TASK ITEM:
Reproduce each line of the entries that carries "Omar".

MATERIAL PROVIDED:
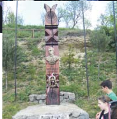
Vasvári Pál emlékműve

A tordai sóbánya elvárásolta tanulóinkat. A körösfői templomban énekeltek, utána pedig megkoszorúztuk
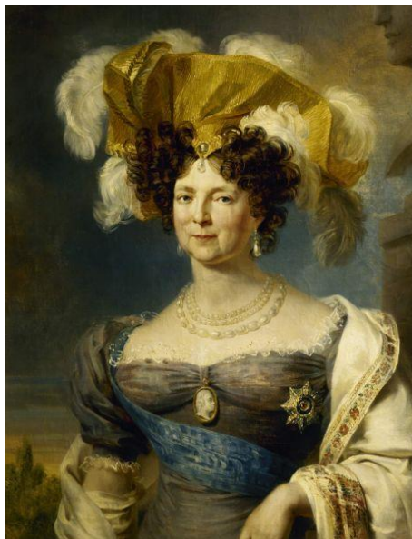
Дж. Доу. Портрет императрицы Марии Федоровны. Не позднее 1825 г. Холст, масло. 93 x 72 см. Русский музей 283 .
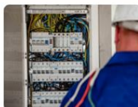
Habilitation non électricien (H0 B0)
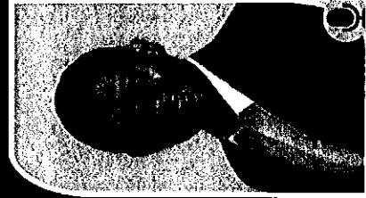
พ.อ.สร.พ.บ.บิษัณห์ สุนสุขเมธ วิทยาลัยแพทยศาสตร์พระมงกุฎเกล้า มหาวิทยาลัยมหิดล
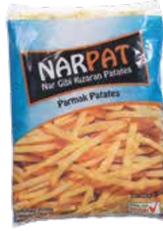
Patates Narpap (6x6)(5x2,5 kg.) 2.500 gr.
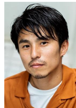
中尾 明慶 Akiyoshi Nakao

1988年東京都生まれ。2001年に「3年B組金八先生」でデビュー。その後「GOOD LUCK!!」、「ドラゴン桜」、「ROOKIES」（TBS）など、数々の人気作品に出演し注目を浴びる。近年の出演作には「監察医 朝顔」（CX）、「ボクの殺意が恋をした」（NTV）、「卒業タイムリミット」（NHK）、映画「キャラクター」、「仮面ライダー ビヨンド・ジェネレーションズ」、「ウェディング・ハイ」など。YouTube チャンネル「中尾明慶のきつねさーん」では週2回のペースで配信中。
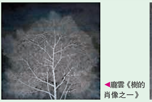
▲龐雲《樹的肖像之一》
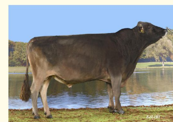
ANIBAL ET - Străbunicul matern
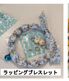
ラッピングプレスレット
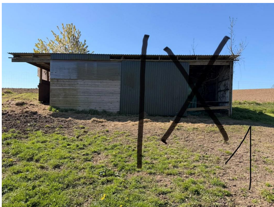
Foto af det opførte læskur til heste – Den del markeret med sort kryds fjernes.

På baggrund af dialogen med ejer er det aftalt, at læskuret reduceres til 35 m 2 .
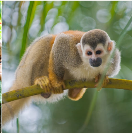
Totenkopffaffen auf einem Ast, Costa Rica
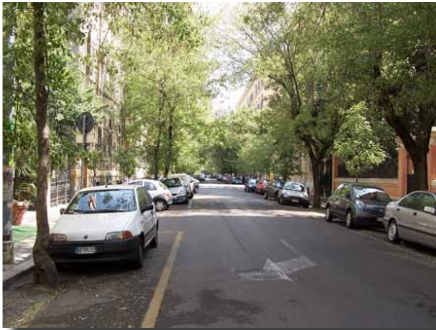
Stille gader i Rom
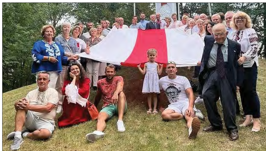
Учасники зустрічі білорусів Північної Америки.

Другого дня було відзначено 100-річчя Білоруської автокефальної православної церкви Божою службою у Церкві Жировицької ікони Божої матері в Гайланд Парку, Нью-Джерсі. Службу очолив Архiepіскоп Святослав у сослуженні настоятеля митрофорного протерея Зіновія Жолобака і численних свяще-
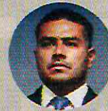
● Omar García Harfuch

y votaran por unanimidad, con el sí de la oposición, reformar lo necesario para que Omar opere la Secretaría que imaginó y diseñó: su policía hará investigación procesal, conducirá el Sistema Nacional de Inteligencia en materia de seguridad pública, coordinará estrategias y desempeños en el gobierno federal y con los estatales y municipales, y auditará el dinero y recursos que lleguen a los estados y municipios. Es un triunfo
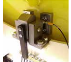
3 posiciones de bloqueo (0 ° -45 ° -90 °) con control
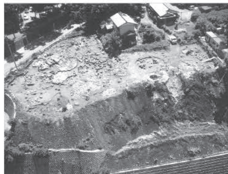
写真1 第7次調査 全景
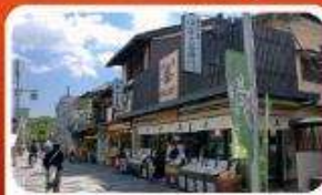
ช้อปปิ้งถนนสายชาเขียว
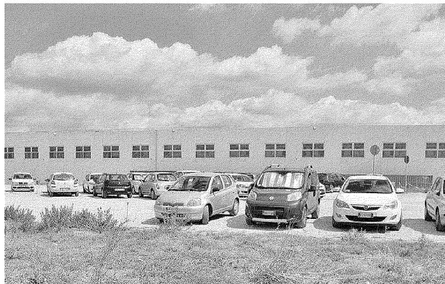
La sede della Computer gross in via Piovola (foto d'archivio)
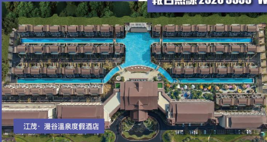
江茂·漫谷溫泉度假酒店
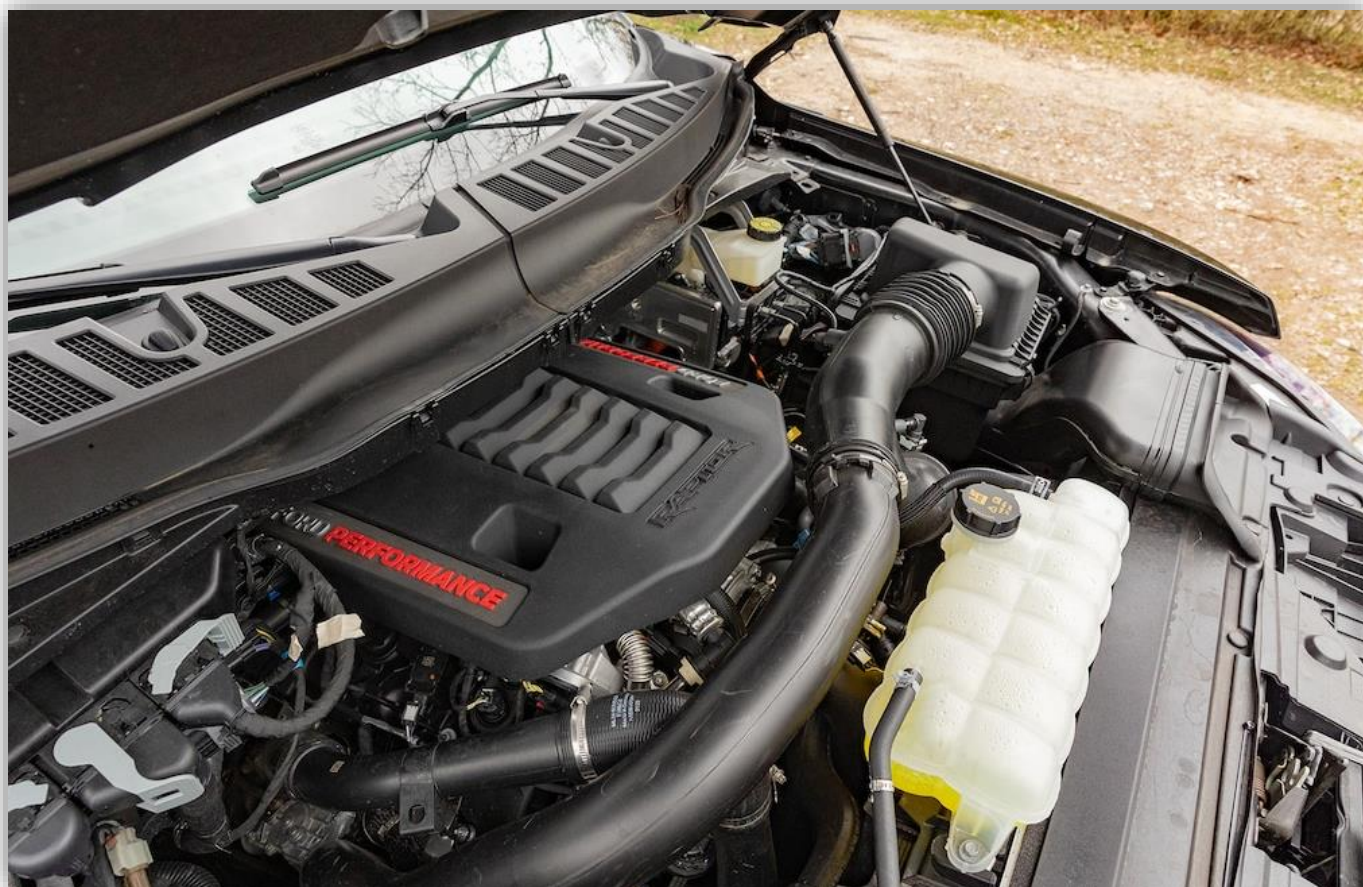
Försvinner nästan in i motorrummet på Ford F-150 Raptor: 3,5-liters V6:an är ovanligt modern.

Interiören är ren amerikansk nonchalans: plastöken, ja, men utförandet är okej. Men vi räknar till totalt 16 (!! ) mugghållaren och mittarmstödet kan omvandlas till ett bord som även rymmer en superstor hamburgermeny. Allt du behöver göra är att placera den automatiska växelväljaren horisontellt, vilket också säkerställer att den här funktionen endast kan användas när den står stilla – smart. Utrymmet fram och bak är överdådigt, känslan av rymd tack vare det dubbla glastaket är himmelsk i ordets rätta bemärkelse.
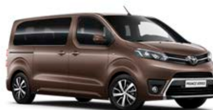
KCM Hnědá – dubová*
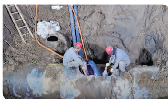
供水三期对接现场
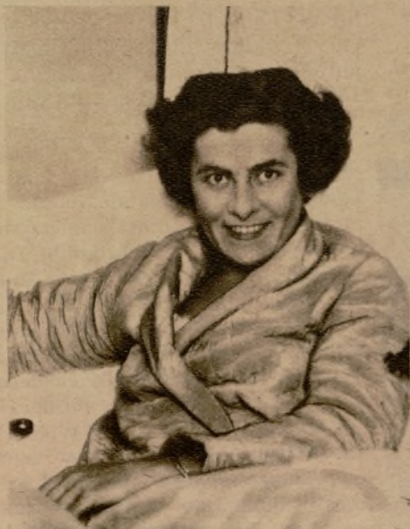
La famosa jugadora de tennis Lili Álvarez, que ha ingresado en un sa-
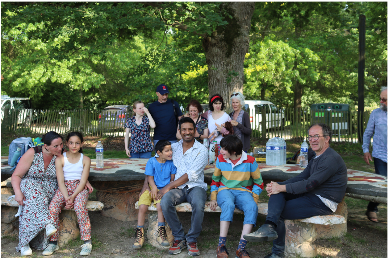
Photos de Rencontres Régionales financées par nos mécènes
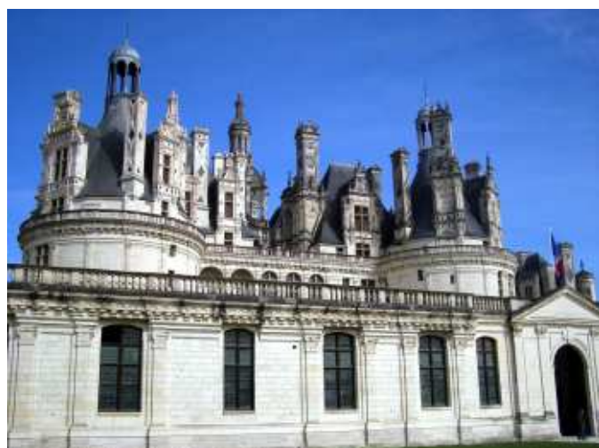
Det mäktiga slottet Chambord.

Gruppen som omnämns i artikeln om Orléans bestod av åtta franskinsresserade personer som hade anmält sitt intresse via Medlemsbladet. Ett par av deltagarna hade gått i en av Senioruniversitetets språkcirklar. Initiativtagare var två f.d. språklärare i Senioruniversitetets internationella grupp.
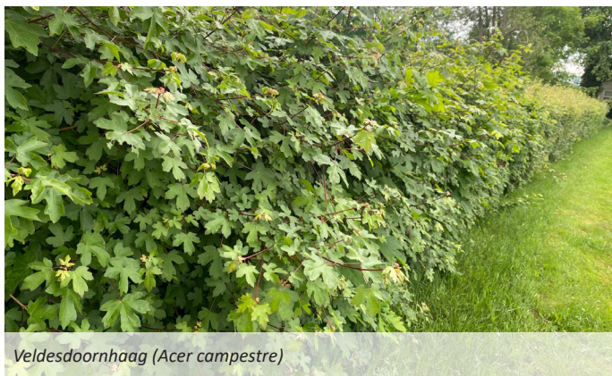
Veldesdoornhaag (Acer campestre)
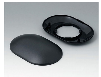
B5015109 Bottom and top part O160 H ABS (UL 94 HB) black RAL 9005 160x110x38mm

ANSWER SECTION:
● Omar García Harfuch
y votaran por unanimidad, con el sí de la oposición, reformar lo necesario para que Omar opere la Secretaría que imaginó y diseñó: su policía hará investigación procesal, conducirá el Sistema Nacional de Inteligencia en materia de seguridad pública, coordinará estrategias y desempeños en el gobierno federal y con los estatales y municipales, y auditará el dinero y recursos que lleguen a los estados y municipios. Es un triunfo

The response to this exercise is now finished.